Perea et al par les deux études précédemment décrites avaient apporté des évidences quant à la sensibilité de la tâche go-nogo appliquée à la décision lexicale non seulement à l’effet de fréquence, mais également à l’amorçage automatique associatif 19 (Perea et al, 2002) ; et à la taille du voisinage orthographique 20 (Perea et al, 2003). Donc, le but secondaire de l’expérience 2 sera d’explorer la manière dont le système de réponse affecte la vitesse, la précision des réponses et par la même la taille des effets obtenus pour une tâche de catégorisation en genre avec amorçage en modalité visuelle. Pour cela nous répliquerons l’expérience 1 en changeant uniquement le système de réponse : nous passerons d'un double choix de type oui-non, à une seule réponse à donner. Si l’avantage d’une telle technique est bien attribué au fait de ne donner qu’une seule réponse au lieu de deux, alors nous ne voyons aucune raison valable pour que la tâche go-nogo soit moins précise et rapide lors d’une catégorisation en genre que lors d’une décision lexicale. Nous nous attendons donc à trouver des latences plus courtes et un pourcentage d’erreurs plus faible sous mode go-nogo que sous le mode oui-non. A cela nous pouvons rajouter que si l’effet d’amorçage en genre n’apparaît pas dans l’expérience 1, il peut néanmoins émerger dans l’expérience 2 puisque l’amplitude des effets semble être déterminée partiellement par le système de réponse.

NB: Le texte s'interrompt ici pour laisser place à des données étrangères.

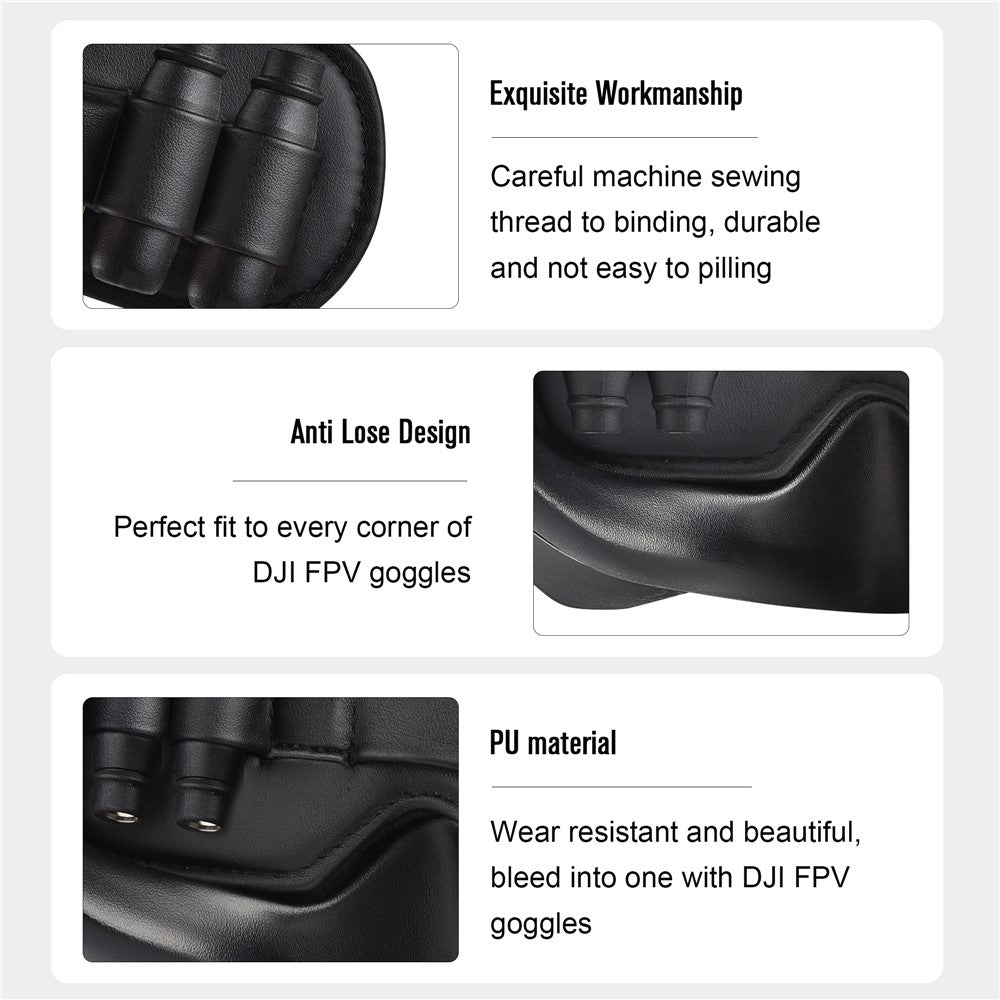 - Specially designed for DJI FPV goggles, bringing good effect of sunshade and dust-proof. It can store FPV goggles antenna and SD cards
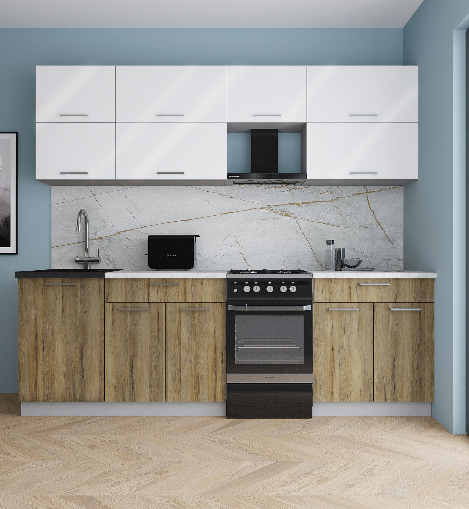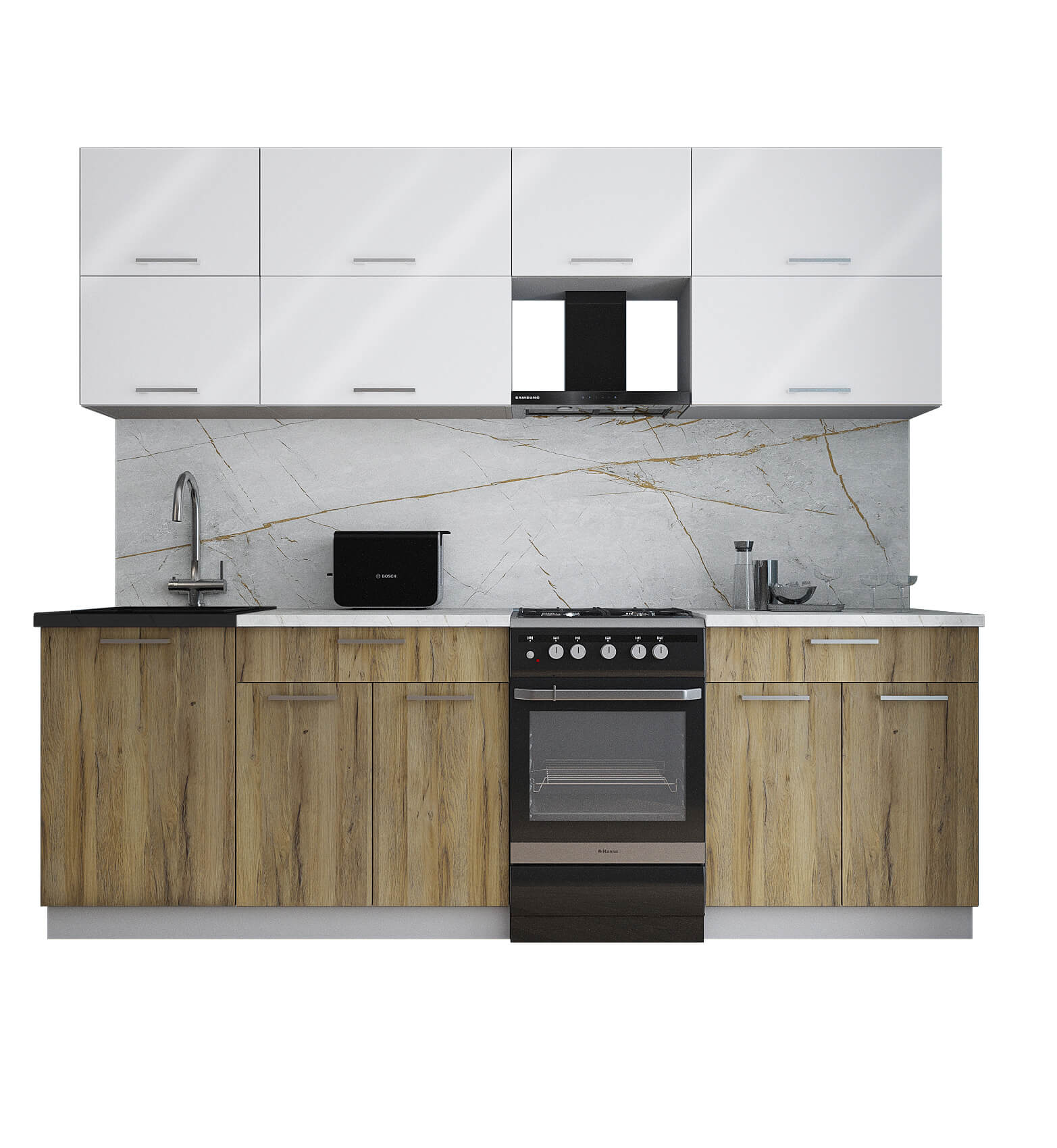 ГОТОВАЯ КУХНЯ ГЛОСС 50-24 (БЕЛЫЙ ГЛЯНЕЦ/ ДУБ ВОТАН) - Yuta.by
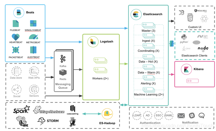 下面是 Elastic Stack 用于日志场景的典 型架构图
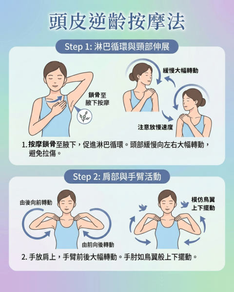 因此,要改善頭皮健康,關鍵在於促進血液循環。最重要的一步是必須由頭部周圍的大肌肉群開始放鬆。本山典子強調,直接按摩頭皮效果有限,正確的做法是先由頸部及肩膊周圍開始,每個步驟建議重複5-10次。由下而上暢通血液循環,使營養能夠源源送達頭皮。
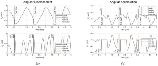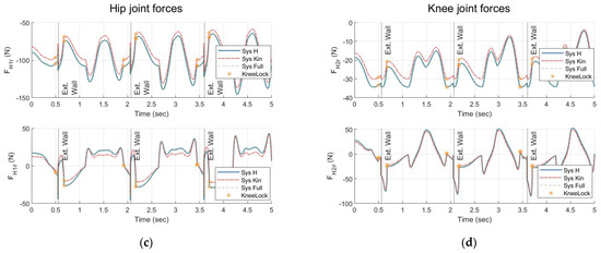 Kinematic and kinetic simulations of systems with different physical parameters but similar kinematic and kinetic coefficients. Sys H, Sys Kin, and Sys Full indicate the result for the anthropometric data, a sample of systems (365 solutions) with only kinematic symmetry, and a sample of systems (60 solutions) with full symmetry, respectively. (a) Angular displacement; (b) angular acceleration; (c) internal forces at hip joint; (d) internal forces at the knee joint.
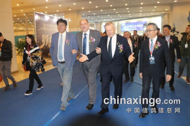 2018年11月23日,德国信鸽文化博览会(DBA)西安展,在西安绿地笔克国际会展中心盛大开幕!站立在巨幅的比利时漫画家弗朗索瓦创作的地毯画作之上,德国信鸽协会主席理查德·格罗斯(Richard Gross)先生,中国信鸽协会秘书长邢小泉先生,一鸽文化创意(上海)有限公司董事长林则宇先生,国际鸽联主席伊斯特凡·巴窦斯(István Bárdos)先生,比利时皇家信鸽协会主席弗朗斯·赫尔曼(Frans Hermans)先生,一鸽文创董事长何幸芳女士,金花豪生国际大酒店总经理吴军先生,陕西省信鸽协会副主席兼秘书长王爱军女士共同为当天的开幕式剪彩。
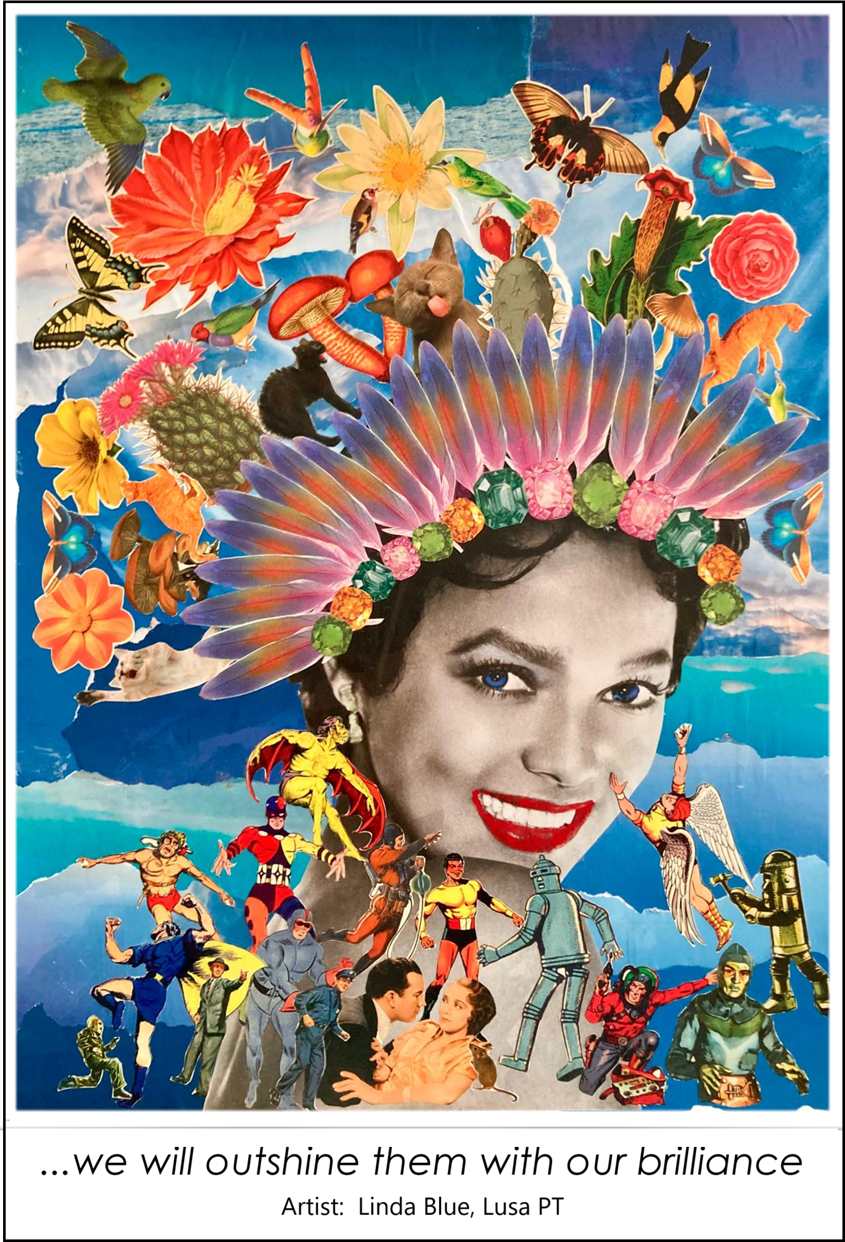 The collage to the left is partially titled “…we will outshine them with our brilliance.” It is in this spirit and with this joy that we want to inspire and mobilize women around the world. We aim to recruit all voices, all ages, all races and all faiths.
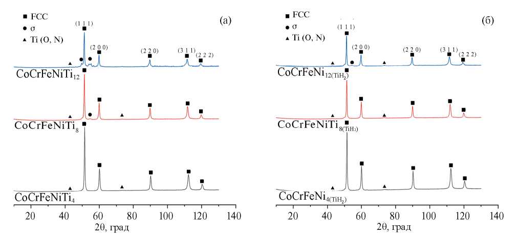 Рис. 8. Рентгенограммы компактов Co–Cr–Fe–Ni–Ti, полученных методом ГП. Исходная порошковая смесь содержала Ti в виде металлического порошка (а) или в виде TiH2 (б).

Comme précédemment toutes les expériences ont eu lieu dans la salle d'expérimentation du laboratoire Dynamique Du Langage de Lyon. Après un bref exposé des paradigmes utilisés au cours de cette session, nous analyserons les résultats avant de discuter de leurs implications pour les différentes problématiques soulevées dans cette partie.

Notes
19.

La décision lexicale s’effectue sur des mots et des pseudo-mots précédés par une amorce associée d’un point de vue sémantique aux cibles : ‘chaise’ va amorcer ‘table’. Voir par exemple Collins et Loftus (1975).

20.

Il est observé un effet de facilitation de la taille du voisinage orthographique pour les mots de basse fréquence, i.e. des noms ayant une prononciation similaire à la cible vont être partiellement activés et vont influencer la vitesse d’accès à sa représentation lexicale. Voir entre autres Grainger et Jacobs (1996) et Pollatsek, Perea et Binder (1999) pour un résumé.